PROBLEM STATEMENT: Print, word for word, the line containing "Hiç kimseye zarar" and all lines beneath it to the end of the entries below. Pictures do not belong in the copy.

Dataset items:
_ _ _ _ _ _ _

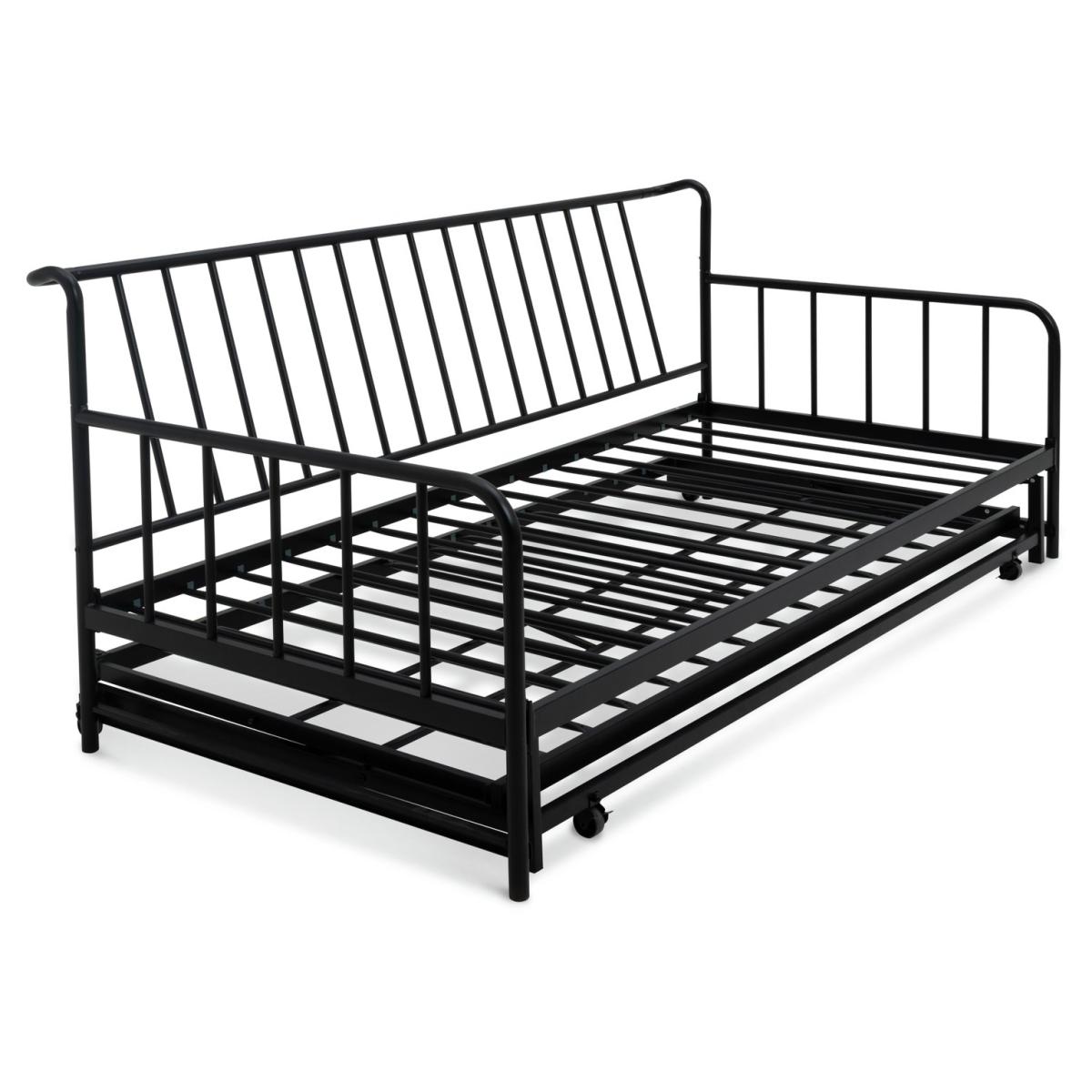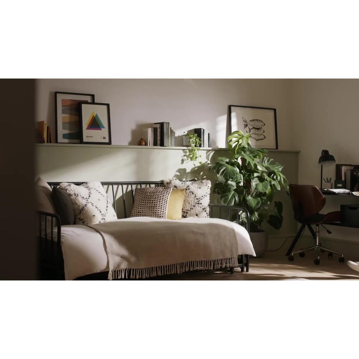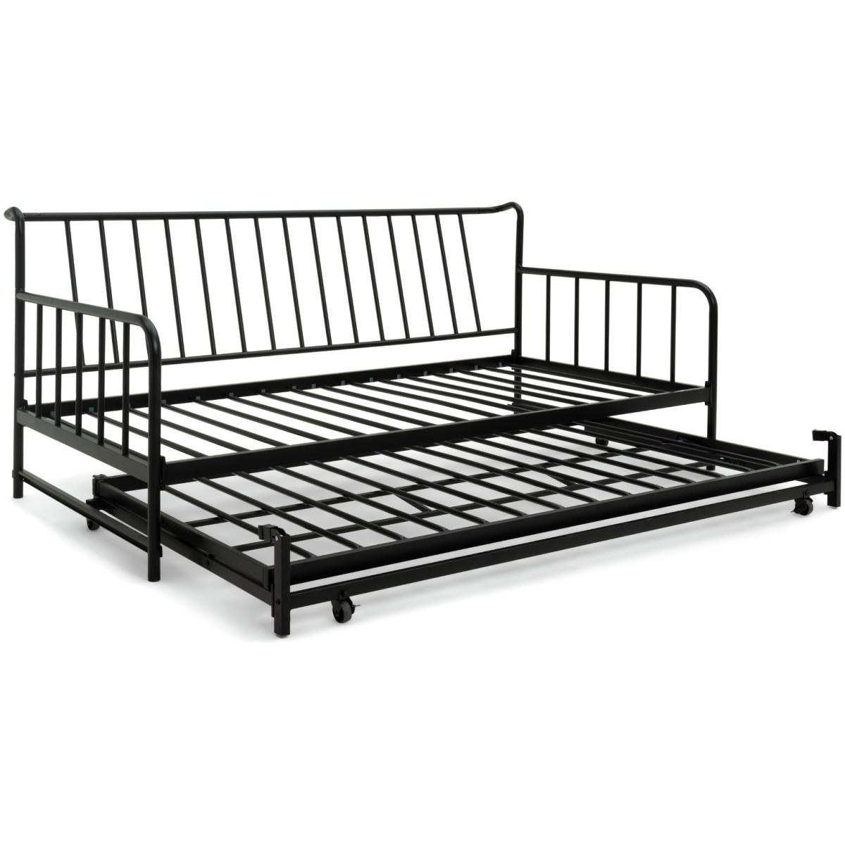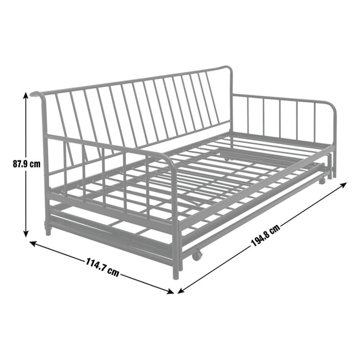 Short on space? Our futon-esque trundle bed frame can be a sofa or overnight sleeper for 2. We're big fans of its space-saving design. Overnighters due? Wheel out the trundle and voila, a twin bed sleep space at the ready. Easy, instant bedtime bliss. Clever Kanso. Now just add mattresses to this clever frame and you're done. We have plenty for you to choose from. Part of the Kanso collection. Metal finish. Model number: 3086430. Supplied with metal slats. Dimensions: Main bed size W114.7, L194.8, H87.9cm. Main bed max. User weight 110kg. Package Dimensions: Package 1 dimensions: H15, W73, D203.5cm. General information: Suitable for everyday use. Self-assembly : 2 people recommended. Manufacturer's 2 year guarantee.
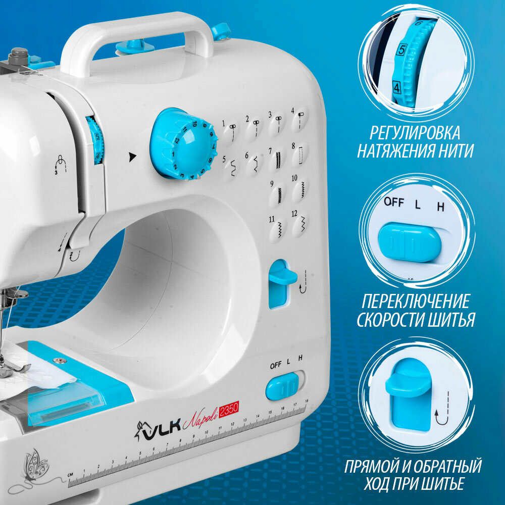 Электромеханическая швейная машинка VLK Napoli 2350 – это модель, которая сочетает в себе компактные размеры и все самые необходимые функции для шитья и воплощения ваших творческих идей.Швейная машинка Napoli 2350 - это отличный выбор как для профессионалов дела, так и для тех, кто только начинает пробовать свои силы в создании и реконструкции одежды.Модель Napoli 2350 удобна и легка в использовании. С помощью подсказок, нанесенных на корпус устройства, Вы сможете легко выбрать необходимый режим.Одним из преимуществ данной модели является то, что она может работать и от батареек, и от адаптера, благодаря чему Вам не обязательно иметь поблизости источник питания.Модель Napoli 2350 имеет 12 видов наиболее распространенных рабочих строчек, прямой и обратный ход при шитье, выбор скорости работы, обработка петель, вшивание молний и шитья рукавов.Благодаря отсеку для хранения Вы не потеряете такие аксессуары, как иглы, шпульки, швейные нитки и другие аксессуары.Комфортной работе способствует возможность регулирования давления лапки на ткань.Приятным дополнением является LED подсветка рабочей зоны, благодаря которой Вам будет гораздо легче выполнять работу. Легкий вес 2 кг делает модель более мобильной. Для Вашего удобства на корпусе устройства предусмотрена удобная ручка для перемещения.
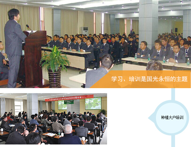 董事長(zhǎng)原來是師范校的教師,他把教書育人也帶到了國(guó)光企業(yè),從創(chuàng)業(yè)初期就重視對(duì)員工進(jìn)行培訓(xùn),而且還編寫技術(shù)資料對(duì)經(jīng)銷商和用戶進(jìn)行培訓(xùn)。早年的手寫保鮮劑資料就是一個(gè)例證,創(chuàng)業(yè)至今從沒有停止過對(duì)員工和用戶的培訓(xùn),每年新生入公司要進(jìn)行至少一個(gè)月的培訓(xùn),員工每?jī)蓚(gè)月要培訓(xùn)一次,年底全體員工還要學(xué)習(xí)培訓(xùn)近一個(gè)月。不僅對(duì)員工是這樣,國(guó)光每年 還把經(jīng)銷商、種植戶請(qǐng)到公司來培訓(xùn)學(xué)習(xí)。國(guó)光每年10月份起各種培訓(xùn)會(huì)議就不斷。這種學(xué)習(xí) 文化、學(xué)習(xí)型企業(yè)不僅培養(yǎng)了大量的優(yōu)秀員工和經(jīng)銷商,還給種植戶和同行留下了深刻的印象, 稱國(guó)光是業(yè)內(nèi)的黃浦軍校。
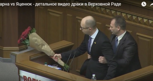 Олег Барна сперва вручил Арсению Яценюку букет роз, а потом попытался поднять премьер-министра и оттащить от трибуны. Фото: скриншот видео
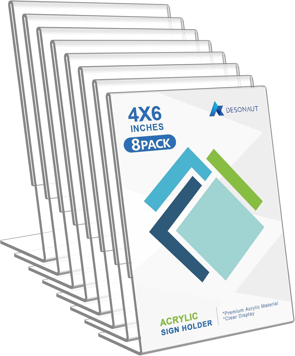 - Included:The package contains 8 pack of 4 x 6 inches clear acrylic sign holders,suit for displaying paper,picture
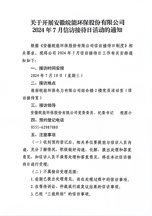 关于开展2024年7月信访接待日活动的通知
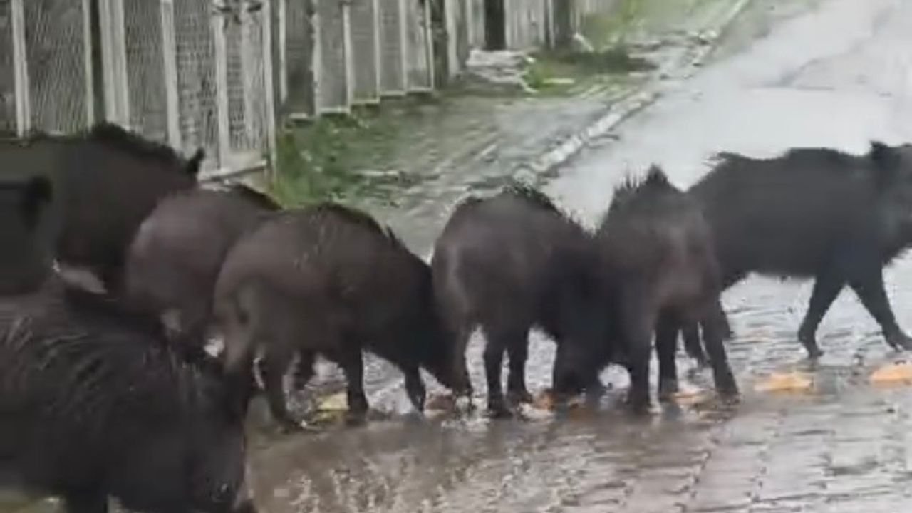 Hiç kimseye zarar vermeden Son Durak mevkiinde çöp konteynerlerinin çevresinde, park halindeki araçların arasında yiyecek arayan yaban domuzlarının görüntüleri sosyal medya mecralarında da adeta viral oldu.
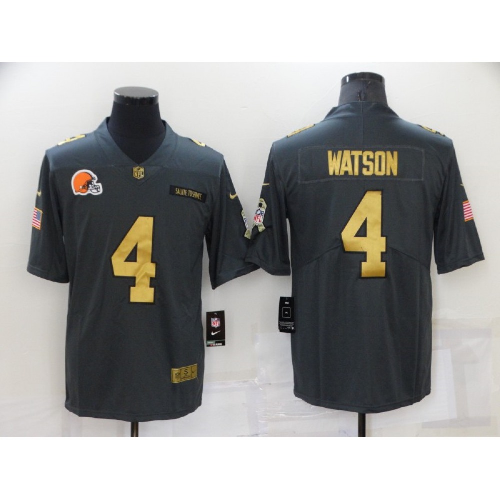 Men's Cleveland Browns #4 Deshaun Watson Grey/Gold Salute To Service Limited Stitched Jersey

_ _ _ _ _ _ _

ANSWER TO THIS TASK:
 Hiç kimseye zarar vermeden Son Durak mevkiinde çöp konteynerlerinin çevresinde, park halindeki araçların arasında yiyecek arayan yaban domuzlarının görüntüleri sosyal medya mecralarında da adeta viral oldu.
 Men's Cleveland Browns #4 Deshaun Watson Grey/Gold Salute To Service Limited Stitched Jersey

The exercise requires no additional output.